At stake in the IS-Taliban power struggle is more than just territory. Afghanistan contains billions of dollars in assets — mainly opium that produces most of the world’s heroin, but also minerals including gold, marble, chromite, lapis lazuli and gemstones.

Security analyst Ali Mohammad Ali said gaining control of Afghanistan’s lucrative resources is one of the main objectives of the Islamic State group, and its loyalists are competing with the Taliban like “organized criminal mafia gangs” for control of billions of dollars in assets. IS has tapped into illicit trade in Iraq and Syria as well, looting artifacts to sell on the black market.

The cash flow from opium or minerals would enable the group to operate in Afghanistan independently of the central leadership, he said. “Their strategy is to be self-sustainable in any guerrilla warfare, to have an indigenous economy and people funded from local resources.”

The IS loyalists are recruiting heavily from the ranks of Taliban fighters, seeking to attract jihadis who are frustrated with the Taliban’s inability to retake power in Kabul. The recruitment drive also comes at a time when the Taliban is facing an internal leadership crisis after the Afghan government announced in July that their one-eyed leader Mullah Mohammad Omar had been dead for more than two years. Mullah Omar’s replacement, Mullah Akhtar Mansoor, has been rejected by members of Mullah Omar’s family, and Afghan officials say senior Taliban leaders and field commanders have been meeting in the Pakistani city of Quetta to resolve the dispute. Fighters from the two internal Taliban factions have already come into open conflict inside Afghanistan, according to senior Taliban official Ahmad Rabbani.

Meanwhile Kabul lacks a coherent strategy for dealing with this newest threat to stability, the officials and analysts said. A year after President Ashraf Ghani came to power promising peace, there is still no defense minister, with Masoom Stanekzai, who was rejected earlier this year by the parliament, serving on an interim basis for now. Government forces are struggling alone following the drawdown last year of foreign combat troops, as the Taliban have spread their fight to every corner of the country, and Stanekzai’s lame-duck status is believed to be undermining his authority.

Other pockets of IS support have appeared in southwestern Helmand province. In February, a U.S. airstrike killed a group of alleged IS recruiters there, according to Afghan officials and the Pentagon.

In the northern provinces of Faryab and Sar-i-Pul, the Islamic Movement of Uzbekistan or IMU declared their loyalty to the Islamic State group earlier this year. First Vice President Gen. Abdul Rashid Dostum, formerly an Uzbek warlord, spent much of August in his northern stronghold battling IMU militants, according to Sultan Faizy, Dostum’s spokesman.
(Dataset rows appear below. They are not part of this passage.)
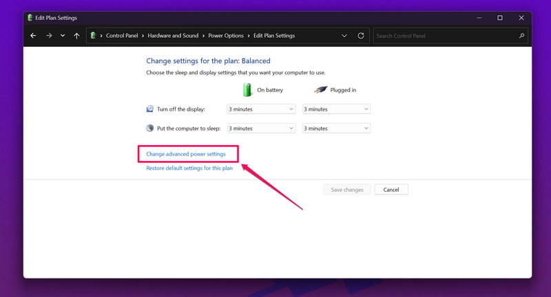 5.在接下來的頁面上,單擊更改高級電源設置按鈕。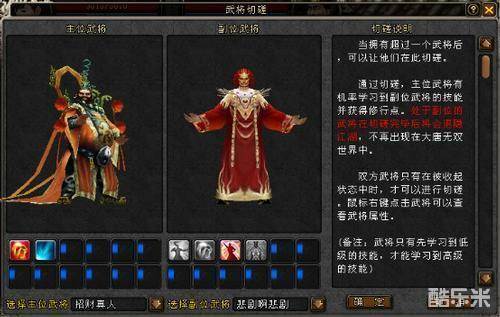 武将切磋可以让主位的武将有几率学习到副位武将的战斗技能。处于副位的武将在切磋完毕后会隐退江湖,不再出现在大唐无双世界中。双方武将只有在休息后才可以进行切磋的。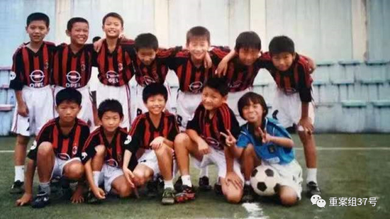 ▲少年时期的王霜(前排右一)在江汉大学的足球场上与男孩竞技。受访者供图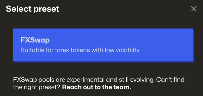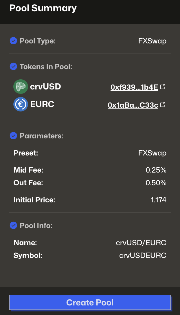 FXSwap pools are appropriate for two uncorrelated but low-volatility assets β such as Forex pairs like crvUSD/EURC or other stable foreign exchange pairs. The creation wizard will guide you through the process, but if you have questions at any point, feel free to reach out to the Curve team in the Telegram or Discord.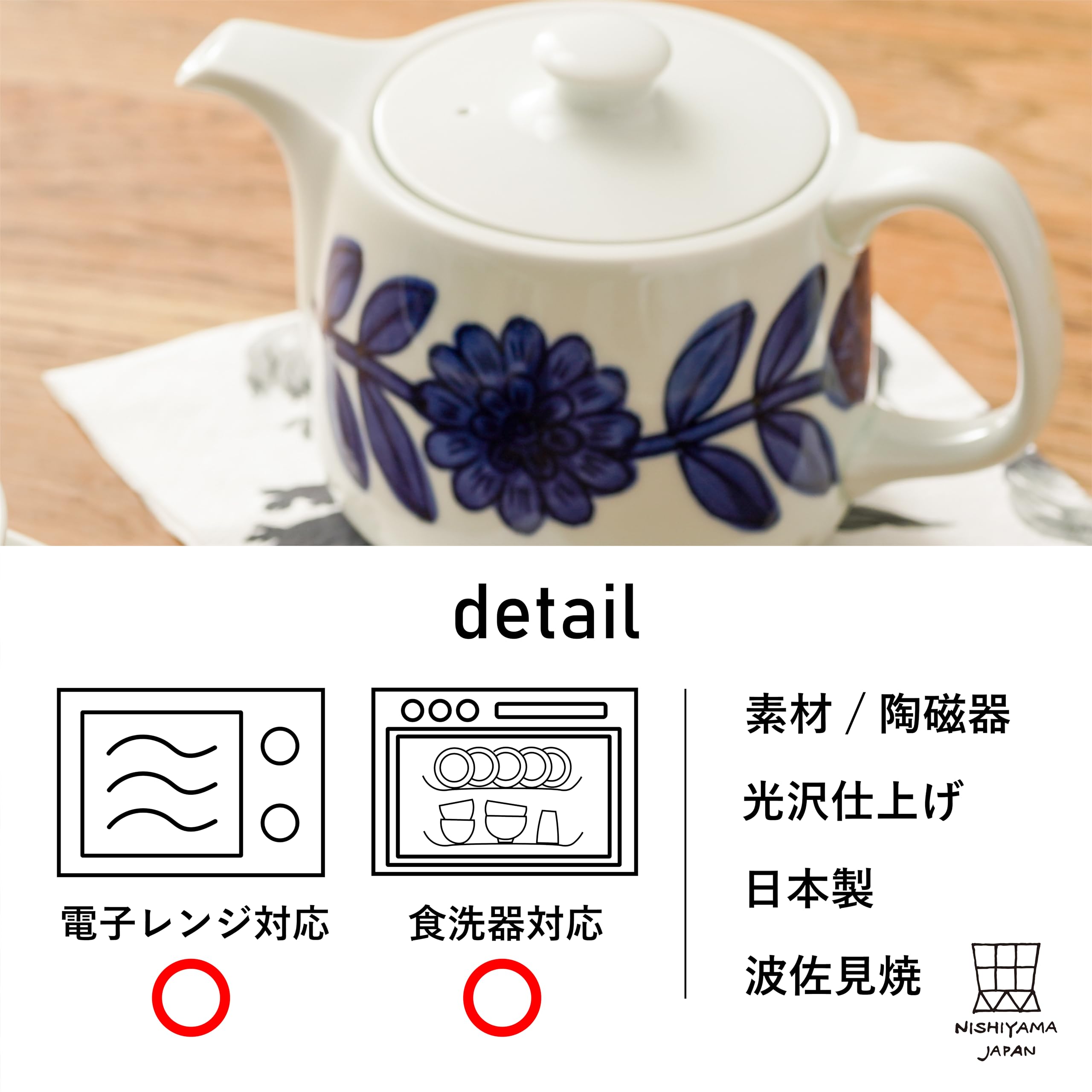 【人気】NISHIYAMA デイジー ポット S (グレー/茶こし付き / 1個) 波佐見焼 日本製 (電子レンジ対応/食洗機対応) ティーポット/コーヒーポット (陶器/急須)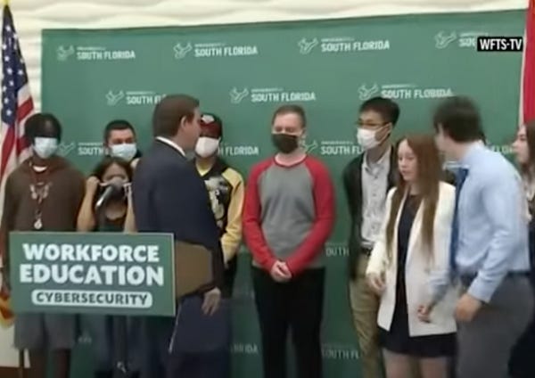 During a press conference this week, Ronald Dion DeSantis, governor of Florida, decided to berate some high school kids whose job it was to stand behind him while he said whatever it is he wanted to say about "workforce education." Why? They were wearing masks and this made him unhappy.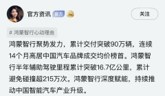 8月25日,鸿蒙智行官方宣布,其累计交付突破90万辆,连续14个月高居中国汽车品牌成交均价榜首;与此同时,其半年辅助驾驶里程累计突破16.7亿公里,累计避免碰撞...
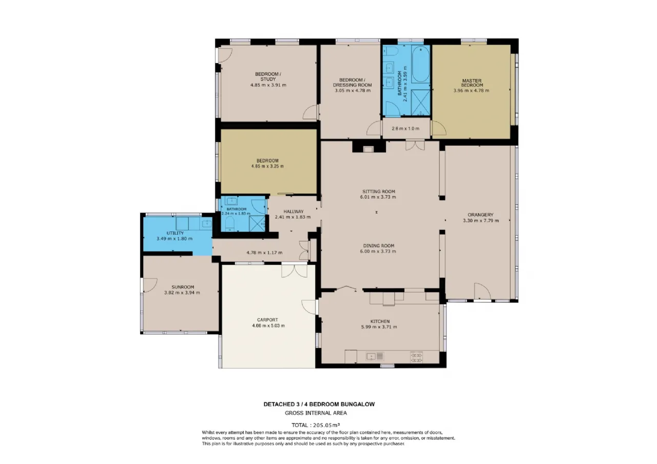 The south wing consists of a fourth bedroom, guest WC/shower, hall and a corridor leading to the utility area and a warm and inviting sunroom.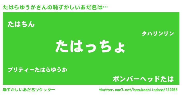 | 意味不明あだ名 | 『たはらゆうかフォーエバー』 |

Faizy estimated up to 2,000 militants in Afghanistan are currently loyal to IS, including about 500 IMU fighters. He said the IS loyalists are principally “working on recruitment, making bases, increasing their influence among the people.”

It can be a persuasive recruiting pitch, Faizy said, particularly for disaffected Taliban fighters who see IS as an organization on the rise and “who know that the Taliban era is almost over.”